Sometimes I will take on things that bother me. You know, the argument, “Why don’t we just move? If we want that service, why don’t we just go somewhere that has it?” That’s like you said to somebody in Brooklyn, you know, you want a park? Central Park is there. You know, that doesn’t make sense to somebody who’s living their life in a locale and has every right to. Sometimes, that kind of attitude irritates me.
But in terms of explaining: We have to. We have to say, here’s how rural is being defined for this story. You know, I probably should do that more. And, you know, explaining why broadband is such a big deal for rural communities. There’s kind of a background I need to supply that’s a great tool for shrinking distances. But that never seems odious to me at all. It makes it feel good when I can explain why something’s important to rural America and why somebody ought to care about it.
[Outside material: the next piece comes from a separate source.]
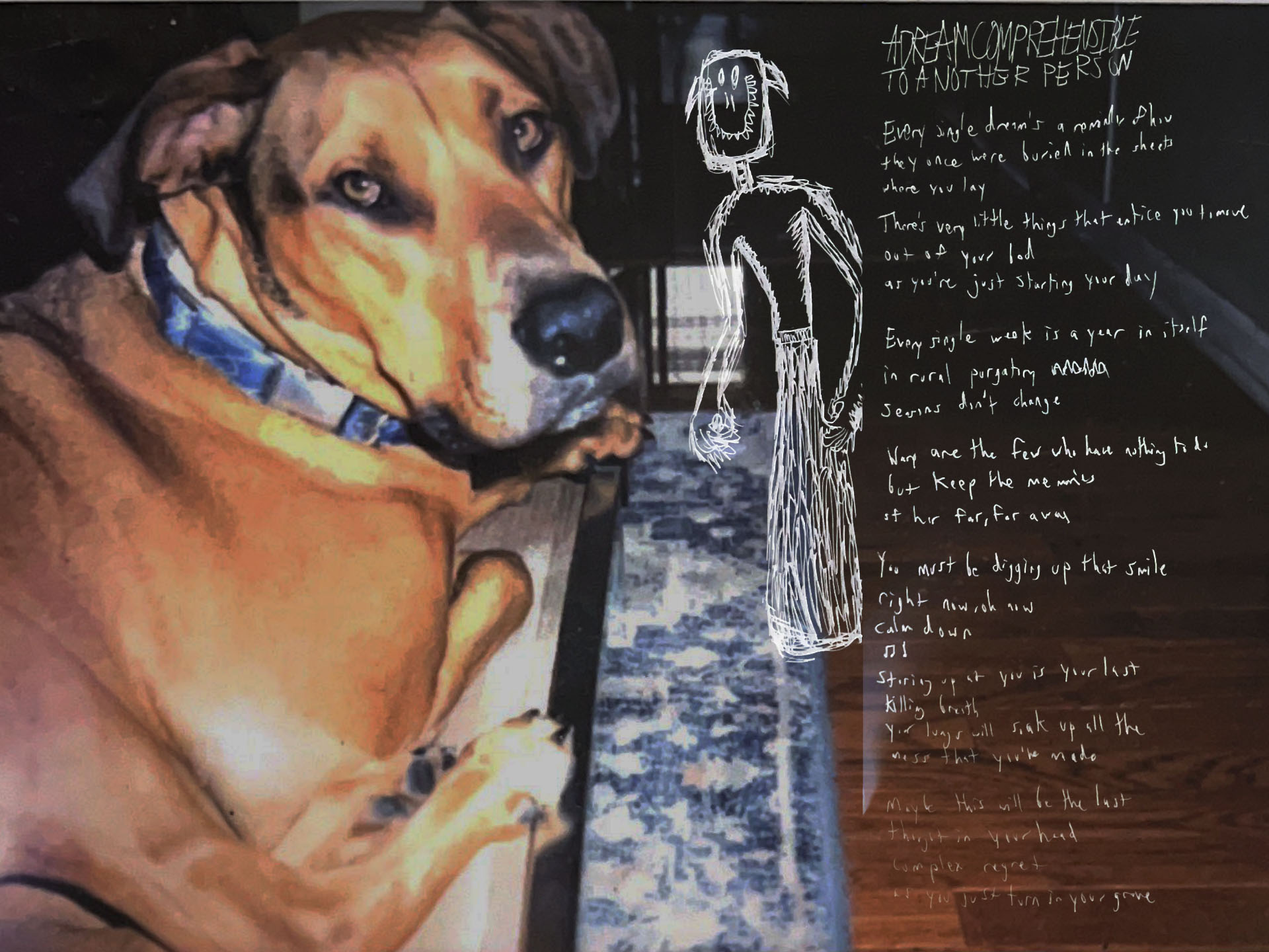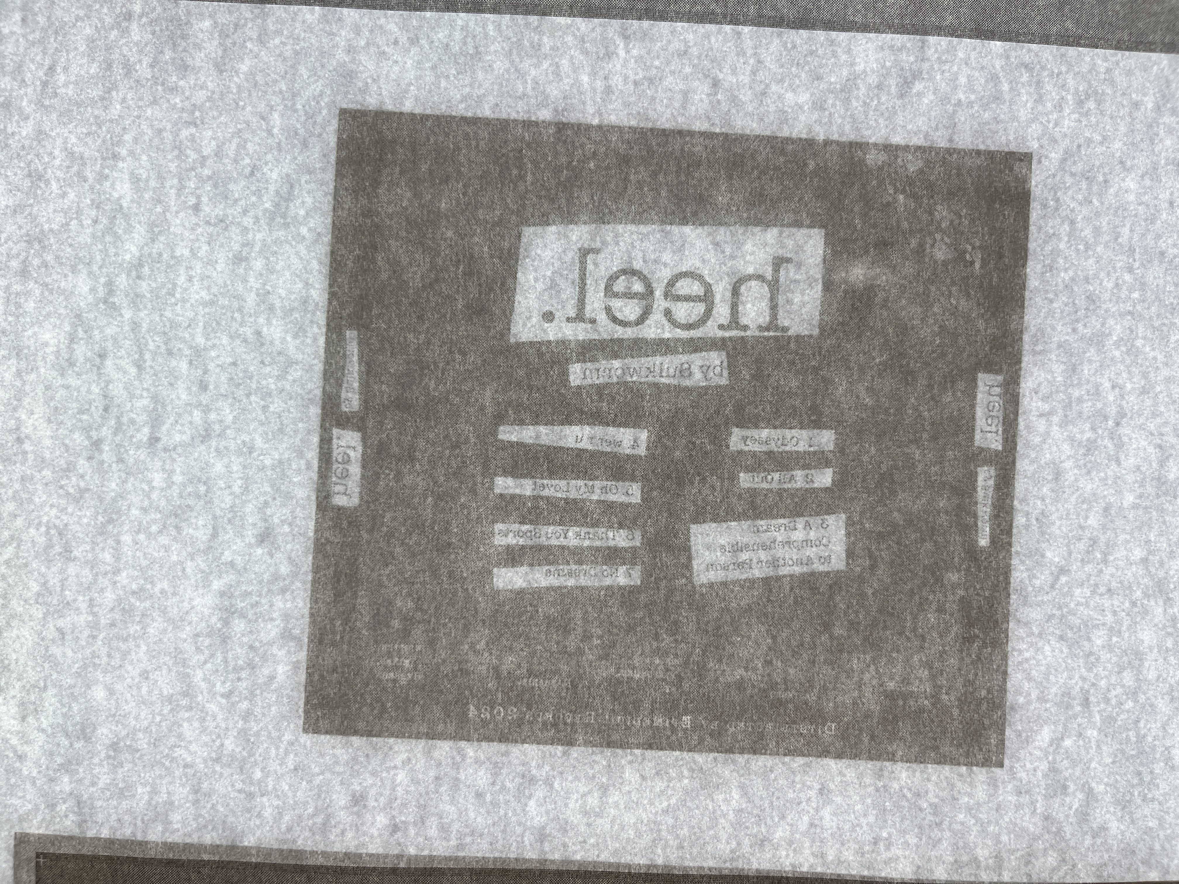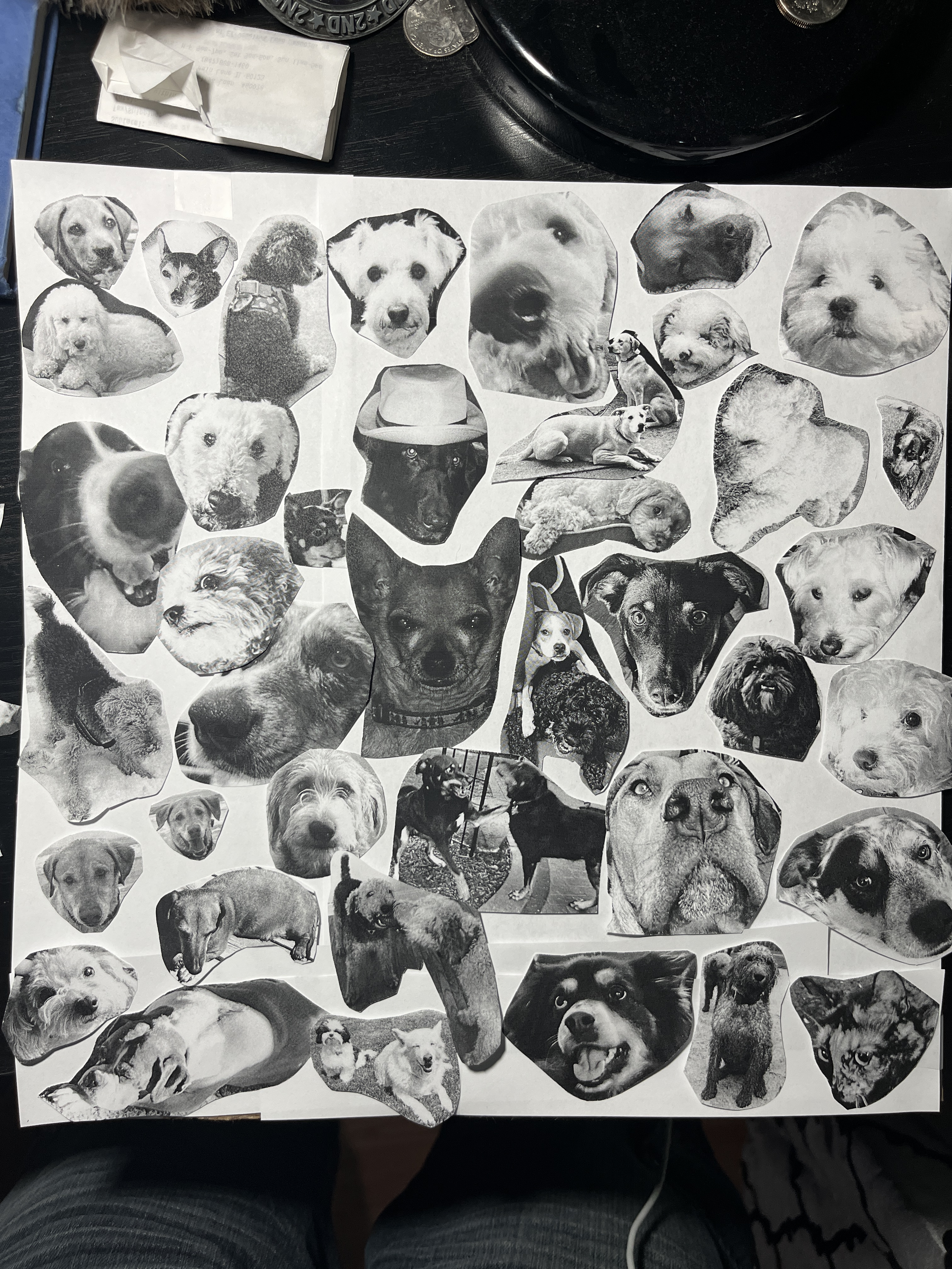 While designing the cover art I created a google form to collect pictures of people’s dogs and promoted it using physically printed material on our school’s risograph. This doubled as a way to promote the album via email/linktr.ee and also collect personal photos of dogs for use on the cover.

There are tremendous economic justice issues. There are large environmental issues — you know, the devastation of energy development and what that’s done to rural regions. The Gulf Coast from the Horizon spill. All of those things, they get coverage — I would like to see some that was from a rural perspective of what it means to lifestyles and people who have to live there. A lot of what we see comes from a kind of urban environmentalist frame: that, you know, we need to preserve this place because it’s beautiful and pristine and I want to go hiking there. As opposed to: We need a working landscape where people can make money off the natural resources while they are being good stewards to them. I would dearly love to see a little more awareness of that.
My experience within news organizations is that that is difficult. If you went in as a new reporter and you had one editor say, you know, “go do something on deer season,” that might or might not fly further up the chain. I wonder how the hierarchical structure of it would work.
The bulk of what we run is written by correspondents, paid and volunteer. We find them in a lot of different ways. I have found people through seeing something they wrote for another publication or for a local publication; I’ve found them through the groups that read us; and some have come in over the transom, people who have found us and give us pitches. And then I write as well.
Long term, that needs to change. We need a platform that reaches a much wider audience, both in terms of our sustainability but also in terms of the people who need to be in the discussion and the voices that need to be heard. Our goal is that that will happen and that the Yonder will be part of it when it does.